I was reading the latest edition of Work in Progress, where Al tries to explain how much the idea of a career isn’t what it once was, but I’m going to disagree with this bit a little:
For many Boomers, Gen X’ers, and Millennials, the playbook for choosing a career was to go to college, get a degree, and choose a job that you could get, and then over time, it could turn into a career until you retire. While there are variations of this, this was a generally accepted norm. Basically, in college, you decide what you are going to be, and then you grow and build a career in that for the rest of your life.
I do agree that was the playbook we were taught, but I’m not at all convinced that this has been the reality for many of us. Probably most of us don’t have a career that matches that description either.
I’m solidly GenX. Since leaving college I’ve worked for 12 different organizations and had 17 different jobs thanks to internal job moves as well. (I’m currently looking for the next one too.) Since 2007, I’ve worked in an industry, eDiscovery, that didn’t exist when I was in college.
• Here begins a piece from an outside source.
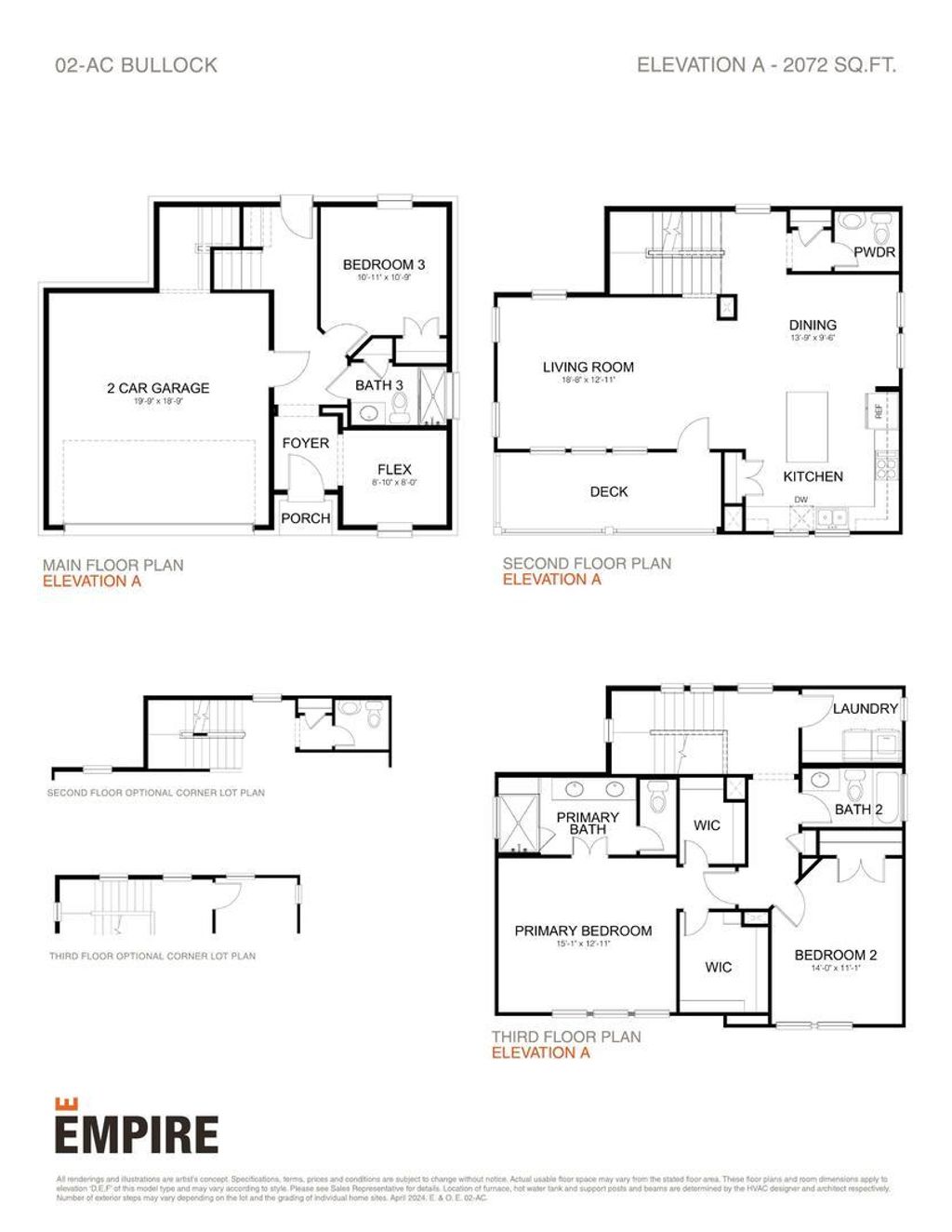 MLS# 2303876 - Built by Empire Homes - Dec 2025 completion! ~ The Bullock is a unique 3-bedroom, 3.5-bathroom home spanning 2,050 sq.ft. This 3-story home includes a luxe kitchen and dining area, with direct access to the spacious living room. This home is the perfect backdrop to make memories with a bedroom and full bath on the main level, in addition to a transformative flex space. If a dedicated outdoor space is a must-have in your future home, you'll love this floor plan which has a second-floor deck to enjoy delicious meals al fresco. The third floor is where two of three bedrooms reside, including the primary suite which boasts double sinks and an impressive walk-in shower with a bench. A 2-car garage is located at the front of the house with ample room to house vehicles and meet all your storage needs.

The idea that I would leave college knowing what I wanted to do, find a company to dedicate myself to, and spend my adulthood doing that thing is a joke to me. It’s been an unrealistic expectation for a long time. GenZ is just the first generation where we stopped even trying to convince them of it because it’s become too obvious.
As Al goes on to detail, change happens too fast and your career needs to change along with it. Your career is very likely to be non-linear, and it needs to be self-driven. That’s just the reality of work now. It puts more responsibility in our own hands, a responsibility that has truly been in our hands for a long time. It also creates a lot of opportunity when we accept that there is likely no ladder to climb.
How will we take advantage of those opportunities?